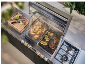
Photo 3 : Une interaction parfaite entre la grille et les accessoires : pour une utilisation repensée de la surface de gril modulaire du Fire Pro et du Fire Pro IQ grâce à différents accessoires en inox et en fonte.
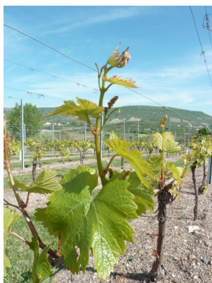
Stade le plus précoce

Les stades phénologiques n'ont que très peu évolué depuis 2 semaines. Il existe une grande hétérogénéité au sein des parcelles avec souvent de 1 feuille à 4 feuilles étalées. Les grappes sont bien visibles mais sont encore très petites. La hausse des températures annoncées pour ces prochains jours devrait permettre le déblo-cage de la pousse et l'allongement des grappes.
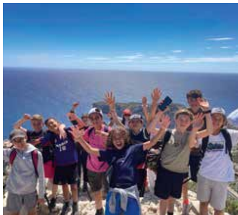
Les ados du Point Jeunes dans les Calanques

Enfin, ces vacances se sont terminées dans une ambiance chaleureuse et conviviale autour d'un barbecue partagé.

★ ★ ★

### TASK STATEMENT
Within the listing, how many lines hold the string "pour"? State that number alone.

### EXERCISE RESPONSE
2